# Exercise goal
Pictures aside, repeat every record below exactly.

[Data extracted from a collection]
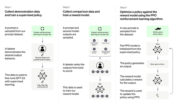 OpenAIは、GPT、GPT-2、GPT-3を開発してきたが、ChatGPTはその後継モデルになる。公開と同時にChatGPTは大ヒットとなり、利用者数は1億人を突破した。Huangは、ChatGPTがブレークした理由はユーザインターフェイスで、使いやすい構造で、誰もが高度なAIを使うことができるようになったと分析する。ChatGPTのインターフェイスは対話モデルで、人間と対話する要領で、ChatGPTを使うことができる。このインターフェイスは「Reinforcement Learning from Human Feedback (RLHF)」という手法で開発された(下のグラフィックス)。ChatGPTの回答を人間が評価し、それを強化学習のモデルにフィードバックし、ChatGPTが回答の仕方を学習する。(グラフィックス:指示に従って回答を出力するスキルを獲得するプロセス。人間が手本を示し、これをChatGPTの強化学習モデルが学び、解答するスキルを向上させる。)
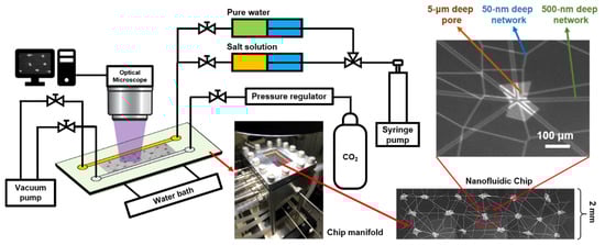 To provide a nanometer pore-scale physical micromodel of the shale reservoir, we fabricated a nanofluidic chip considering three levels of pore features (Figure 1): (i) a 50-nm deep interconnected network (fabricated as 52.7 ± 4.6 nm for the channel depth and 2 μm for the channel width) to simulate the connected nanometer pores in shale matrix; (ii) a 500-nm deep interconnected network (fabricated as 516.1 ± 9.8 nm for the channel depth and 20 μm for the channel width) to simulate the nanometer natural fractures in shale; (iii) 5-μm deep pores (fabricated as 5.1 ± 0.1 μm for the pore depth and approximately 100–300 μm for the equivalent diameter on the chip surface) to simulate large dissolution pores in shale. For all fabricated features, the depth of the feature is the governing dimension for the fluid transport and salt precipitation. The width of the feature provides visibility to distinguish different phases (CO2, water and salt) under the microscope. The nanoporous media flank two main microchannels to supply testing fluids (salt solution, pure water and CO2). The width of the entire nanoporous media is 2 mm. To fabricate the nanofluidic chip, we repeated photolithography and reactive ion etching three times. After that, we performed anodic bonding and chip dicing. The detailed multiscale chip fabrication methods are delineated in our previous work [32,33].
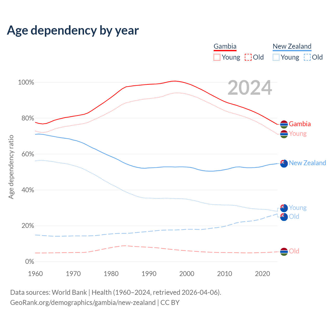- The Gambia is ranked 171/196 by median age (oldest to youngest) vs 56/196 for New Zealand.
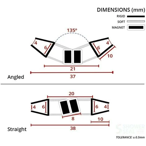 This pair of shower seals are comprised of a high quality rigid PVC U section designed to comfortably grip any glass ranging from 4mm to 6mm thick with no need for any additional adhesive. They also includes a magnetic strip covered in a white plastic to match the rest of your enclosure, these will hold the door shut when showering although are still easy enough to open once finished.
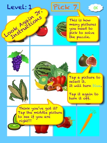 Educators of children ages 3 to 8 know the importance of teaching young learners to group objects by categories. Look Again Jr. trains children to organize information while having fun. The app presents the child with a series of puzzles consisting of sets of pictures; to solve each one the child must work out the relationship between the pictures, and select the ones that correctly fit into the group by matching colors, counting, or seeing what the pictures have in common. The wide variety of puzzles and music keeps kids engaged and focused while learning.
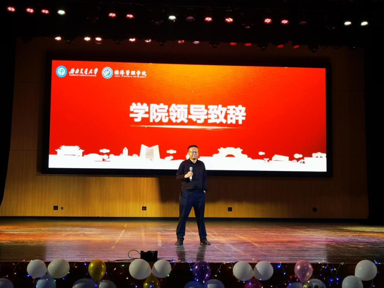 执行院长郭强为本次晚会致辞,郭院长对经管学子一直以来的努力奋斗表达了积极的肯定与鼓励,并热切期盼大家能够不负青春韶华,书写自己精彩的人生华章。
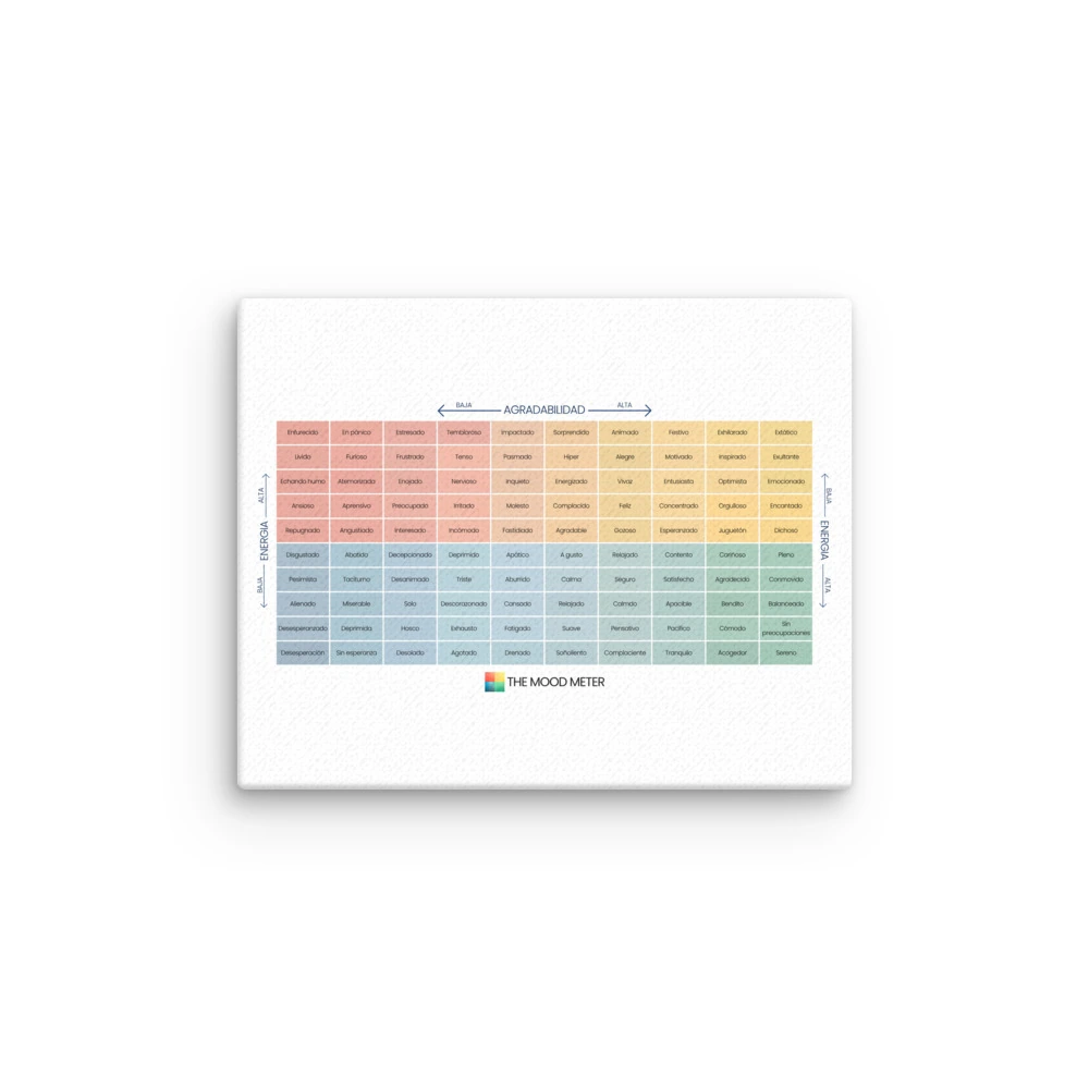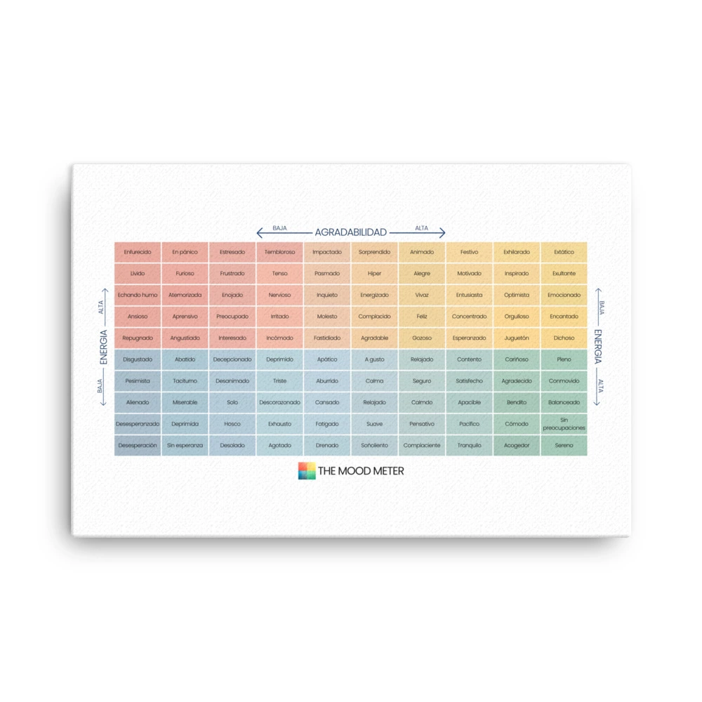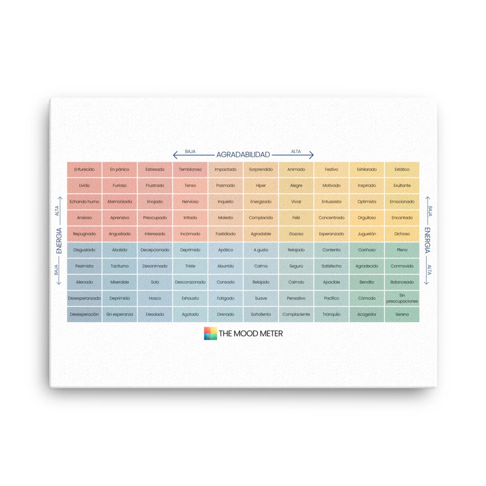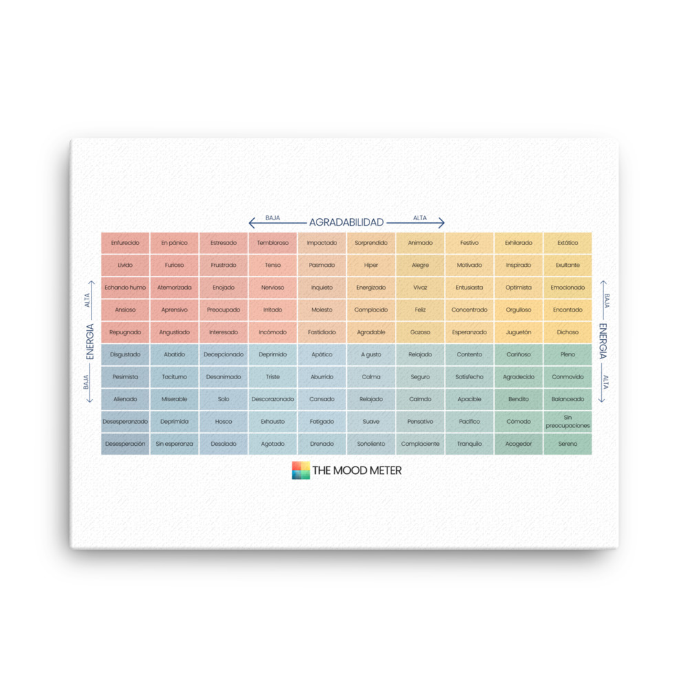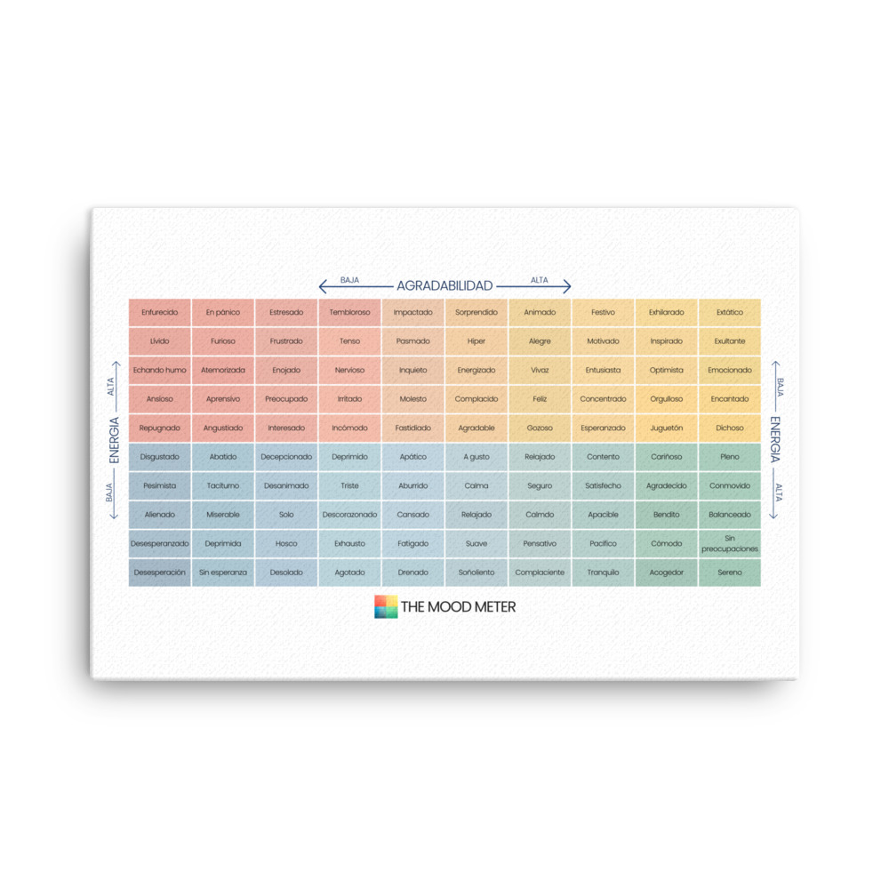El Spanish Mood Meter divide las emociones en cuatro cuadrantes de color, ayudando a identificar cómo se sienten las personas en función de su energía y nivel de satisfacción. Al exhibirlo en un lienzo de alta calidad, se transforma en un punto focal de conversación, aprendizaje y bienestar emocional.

# Answer section
 OpenAIは、GPT、GPT-2、GPT-3を開発してきたが、ChatGPTはその後継モデルになる。公開と同時にChatGPTは大ヒットとなり、利用者数は1億人を突破した。Huangは、ChatGPTがブレークした理由はユーザインターフェイスで、使いやすい構造で、誰もが高度なAIを使うことができるようになったと分析する。ChatGPTのインターフェイスは対話モデルで、人間と対話する要領で、ChatGPTを使うことができる。このインターフェイスは「Reinforcement Learning from Human Feedback (RLHF)」という手法で開発された(下のグラフィックス)。ChatGPTの回答を人間が評価し、それを強化学習のモデルにフィードバックし、ChatGPTが回答の仕方を学習する。(グラフィックス:指示に従って回答を出力するスキルを獲得するプロセス。人間が手本を示し、これをChatGPTの強化学習モデルが学び、解答するスキルを向上させる。)
 To provide a nanometer pore-scale physical micromodel of the shale reservoir, we fabricated a nanofluidic chip considering three levels of pore features (Figure 1): (i) a 50-nm deep interconnected network (fabricated as 52.7 ± 4.6 nm for the channel depth and 2 μm for the channel width) to simulate the connected nanometer pores in shale matrix; (ii) a 500-nm deep interconnected network (fabricated as 516.1 ± 9.8 nm for the channel depth and 20 μm for the channel width) to simulate the nanometer natural fractures in shale; (iii) 5-μm deep pores (fabricated as 5.1 ± 0.1 μm for the pore depth and approximately 100–300 μm for the equivalent diameter on the chip surface) to simulate large dissolution pores in shale. For all fabricated features, the depth of the feature is the governing dimension for the fluid transport and salt precipitation. The width of the feature provides visibility to distinguish different phases (CO2, water and salt) under the microscope. The nanoporous media flank two main microchannels to supply testing fluids (salt solution, pure water and CO2). The width of the entire nanoporous media is 2 mm. To fabricate the nanofluidic chip, we repeated photolithography and reactive ion etching three times. After that, we performed anodic bonding and chip dicing. The detailed multiscale chip fabrication methods are delineated in our previous work [32,33].
- The Gambia is ranked 171/196 by median age (oldest to youngest) vs 56/196 for New Zealand.
 This pair of shower seals are comprised of a high quality rigid PVC U section designed to comfortably grip any glass ranging from 4mm to 6mm thick with no need for any additional adhesive. They also includes a magnetic strip covered in a white plastic to match the rest of your enclosure, these will hold the door shut when showering although are still easy enough to open once finished.
 Educators of children ages 3 to 8 know the importance of teaching young learners to group objects by categories. Look Again Jr. trains children to organize information while having fun. The app presents the child with a series of puzzles consisting of sets of pictures; to solve each one the child must work out the relationship between the pictures, and select the ones that correctly fit into the group by matching colors, counting, or seeing what the pictures have in common. The wide variety of puzzles and music keeps kids engaged and focused while learning.
 执行院长郭强为本次晚会致辞,郭院长对经管学子一直以来的努力奋斗表达了积极的肯定与鼓励,并热切期盼大家能够不负青春韶华,书写自己精彩的人生华章。
El Spanish Mood Meter divide las emociones en cuatro cuadrantes de color, ayudando a identificar cómo se sienten las personas en función de su energía y nivel de satisfacción. Al exhibirlo en un lienzo de alta calidad, se transforma en un punto focal de conversación, aprendizaje y bienestar emocional.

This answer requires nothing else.